---- Given records
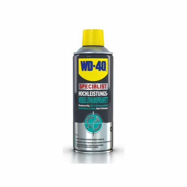WD-40 Specialist High-White-Lithiumsprühfett this thick grease spray allows long lasting lubrication without dripping or running, it is particularly appropriate to reduce the friction of metal parts and thus the connection to maintain consistently, it can also be used for metal compounds under high pressure loads and can withstand temperatures between -18 ° C and + 145 ° C. water and temperature lubricant high protection against rust and corrosion
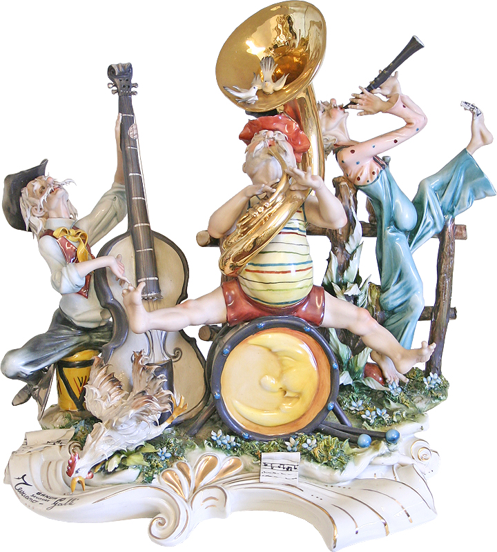 Original Capo-di-monte porcelain, crafted by the Italian master sculptors. All the figurines and fine ceramics shown are original and authentic. Be careful of imitations.
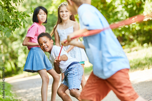 Children in tug of war as a strong team
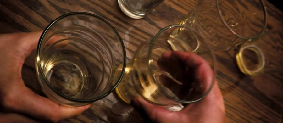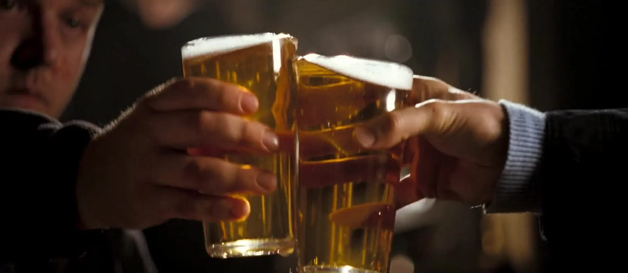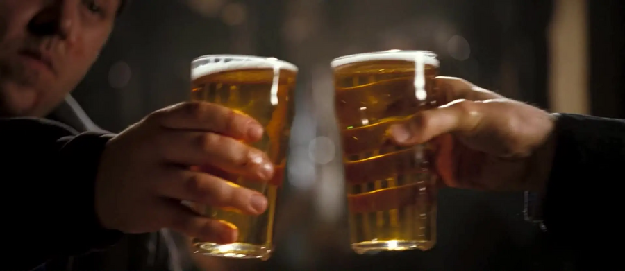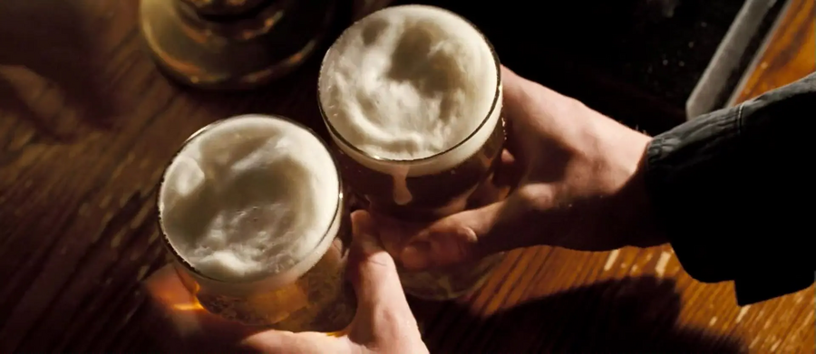 Далее идет нарезка: офицеры покупают пиво, чокаются, выпивают и ставят опусташенные стаканы на стол. Кадры повторяются и повторяются в той же последовательности, и вот герои уже пьяны и дружны.
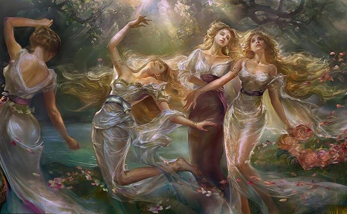 大いなる女神は万物全てに宿り、その子どもは自己実現を達成した人間(男性と女性の両方)を象徴していました。女性の方が女神の力をより容易に使うことができると考えられているのは、女性の方が女神と同一視されることが容易だからという理由です。実際、古の時代の女性たちは女神と部族とを結ぶ仲介者となっていました。男性が過補償(弱点や過失を補うために逆のことを過度に行うこと)によってこの男女のバランスが崩れ、男性は女性たちを下層階級に追いやるという結果になりました。なぜ男性は女性を恐れることになったのか。それは、一部の男性が女性だけが使える魔法、特に出産能力、血液、直感的才能などを恐れていたからとも考えられています。
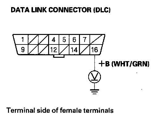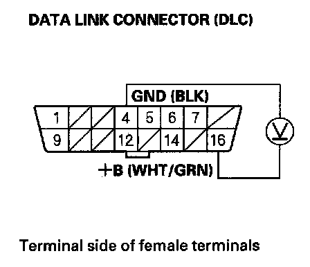 23. Measure voltage between DLC terminal No. 16 and body ground.
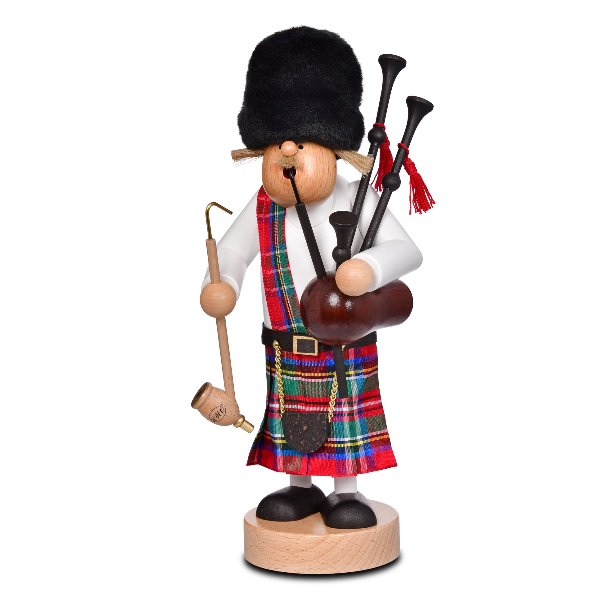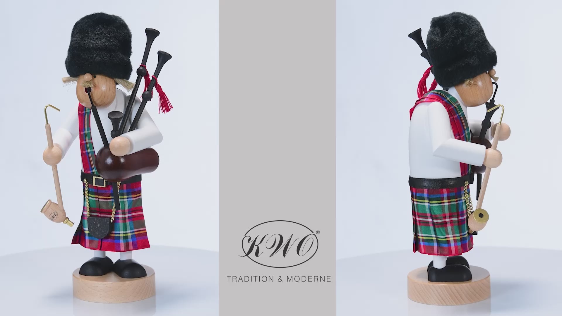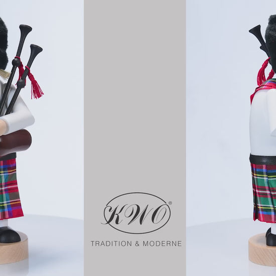 Der Räuchermann "Schotte" (Art. 21707) von KWO ist aus der Serie "Die Dünnen" und wird in traditioneller Handwerkskunst im Erzgebirge mit viel Liebe zum Detail von Hand gefertigt. Er spielt den Dudelsack.
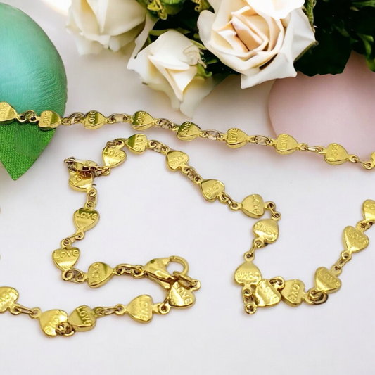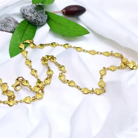 Zlatá retiazka zo srdiečok – Jemný šperk z chirurgickej ocele náhrdelník Srdiečka zlatý R6
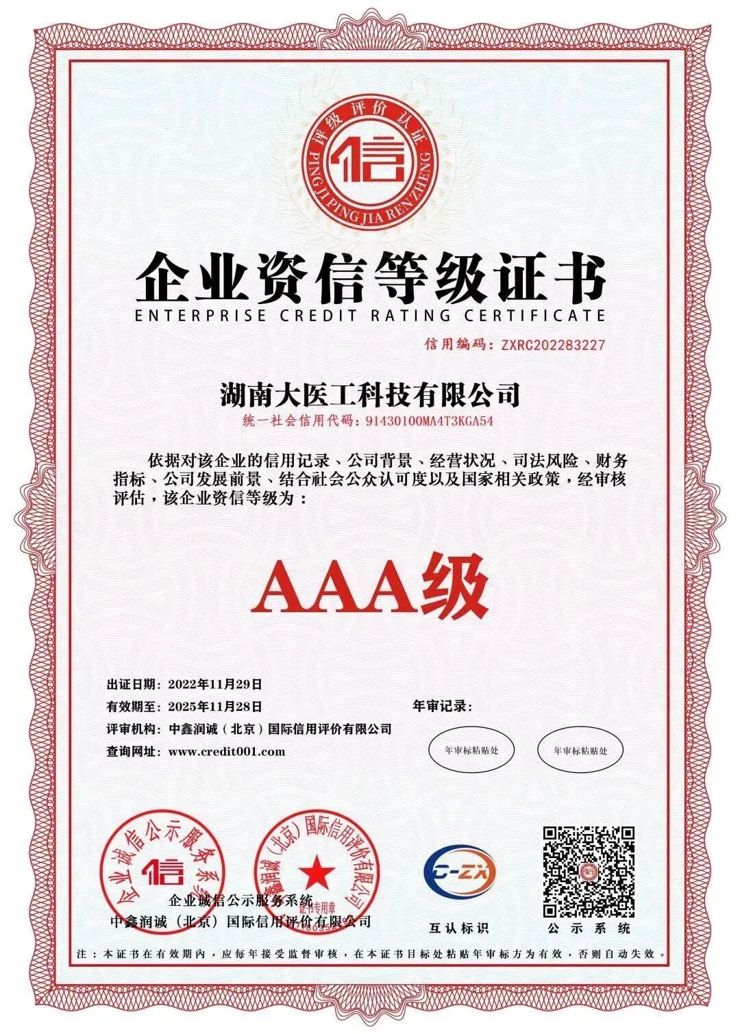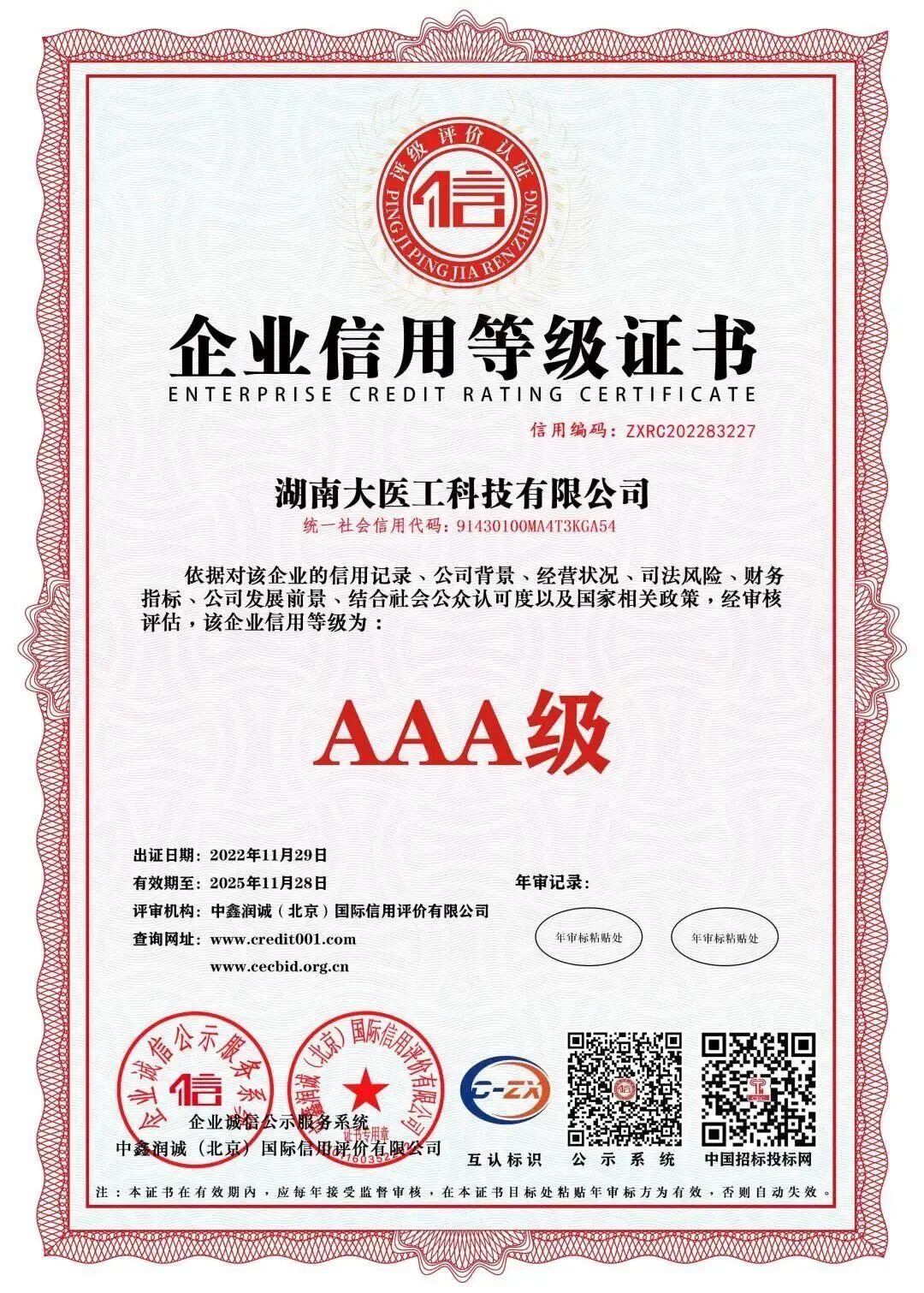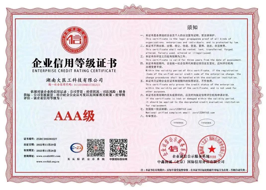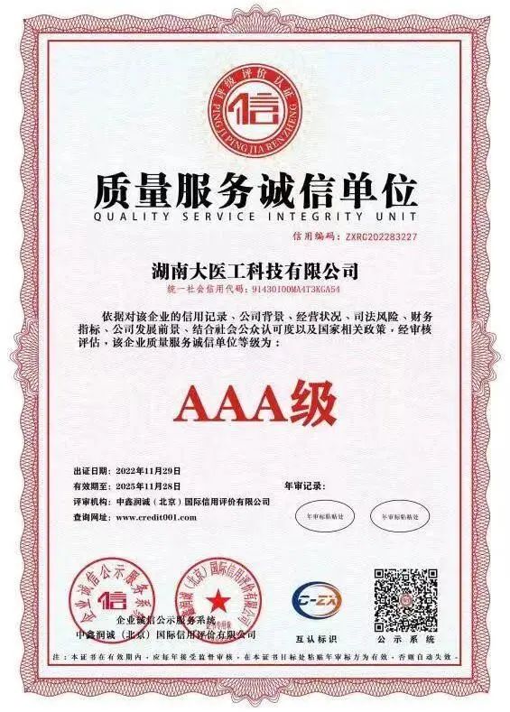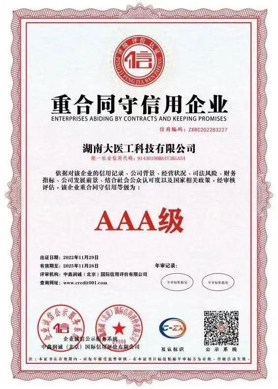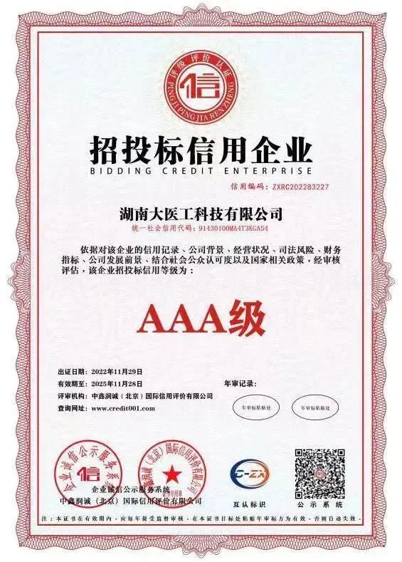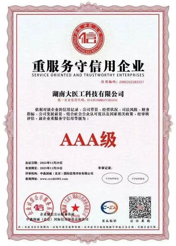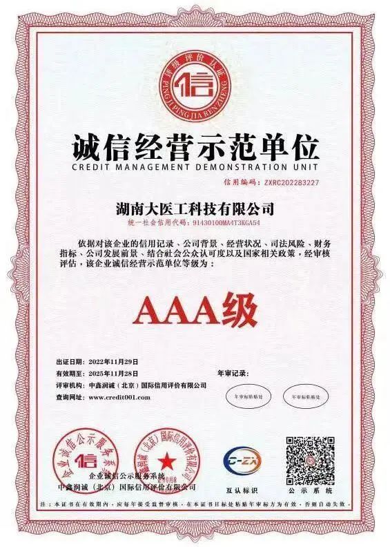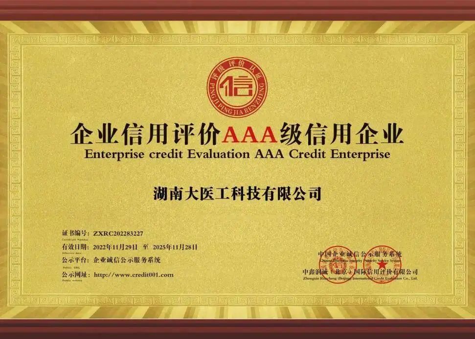 近日,集团旗下湖南大医工科技有限公司在企业信用标准认定中顺利通过AAA信用体系认证,荣获“AAA级企业信用等级证书”、“AAA级重合同守信用企业”、“AAA级诚信经营示范单位”等多项荣誉称号。这是相关权威机构对大医工在规范运营、诚信经营上的认可和肯定。
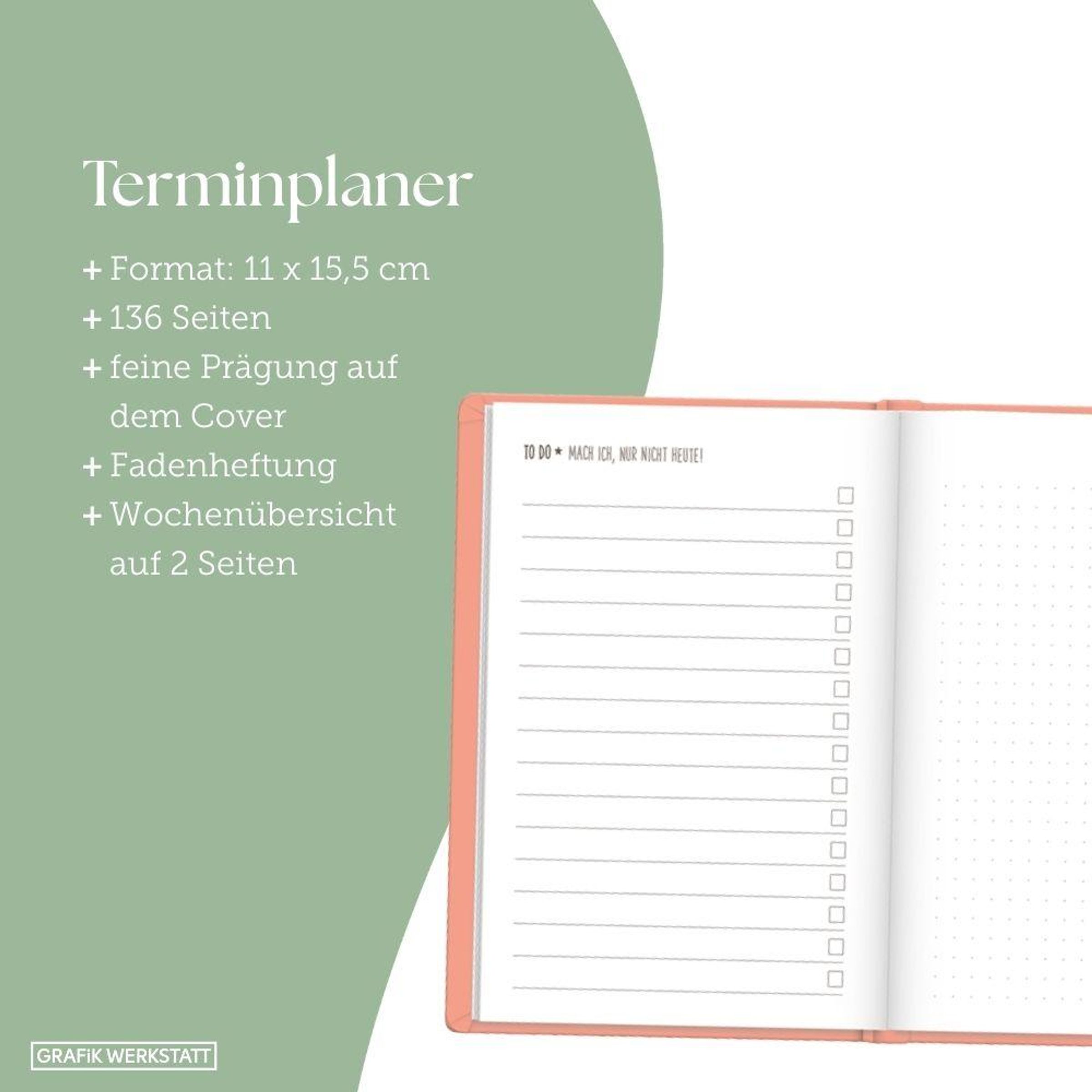 Mit diesem kleinen Terminplaner kannst du das Jahr 2027 strukturiert und einfach planen. Dank der Wochenübersicht auf einer Doppelseite, viel Platz für Notizen und einem Satin-Lesezeichen verlierst du niemals den Überblick. Eine Jahres- & Monatsvorschau auf einer Seite bietet dir die Möglichkeit das Jahr 2027 optimal zu planen.
--------
What the task requires:
The required result is an exact copy of the lines from the line containing "大いなる女神は万物全てに宿り" through the end of the entries, with every picture left out.

Exercise result:
 大いなる女神は万物全てに宿り、その子どもは自己実現を達成した人間(男性と女性の両方)を象徴していました。女性の方が女神の力をより容易に使うことができると考えられているのは、女性の方が女神と同一視されることが容易だからという理由です。実際、古の時代の女性たちは女神と部族とを結ぶ仲介者となっていました。男性が過補償(弱点や過失を補うために逆のことを過度に行うこと)によってこの男女のバランスが崩れ、男性は女性たちを下層階級に追いやるという結果になりました。なぜ男性は女性を恐れることになったのか。それは、一部の男性が女性だけが使える魔法、特に出産能力、血液、直感的才能などを恐れていたからとも考えられています。
 23. Measure voltage between DLC terminal No. 16 and body ground.
 Der Räuchermann "Schotte" (Art. 21707) von KWO ist aus der Serie "Die Dünnen" und wird in traditioneller Handwerkskunst im Erzgebirge mit viel Liebe zum Detail von Hand gefertigt. Er spielt den Dudelsack.
 Zlatá retiazka zo srdiečok – Jemný šperk z chirurgickej ocele náhrdelník Srdiečka zlatý R6
 近日,集团旗下湖南大医工科技有限公司在企业信用标准认定中顺利通过AAA信用体系认证,荣获“AAA级企业信用等级证书”、“AAA级重合同守信用企业”、“AAA级诚信经营示范单位”等多项荣誉称号。这是相关权威机构对大医工在规范运营、诚信经营上的认可和肯定。
 Mit diesem kleinen Terminplaner kannst du das Jahr 2027 strukturiert und einfach planen. Dank der Wochenübersicht auf einer Doppelseite, viel Platz für Notizen und einem Satin-Lesezeichen verlierst du niemals den Überblick. Eine Jahres- & Monatsvorschau auf einer Seite bietet dir die Möglichkeit das Jahr 2027 optimal zu planen.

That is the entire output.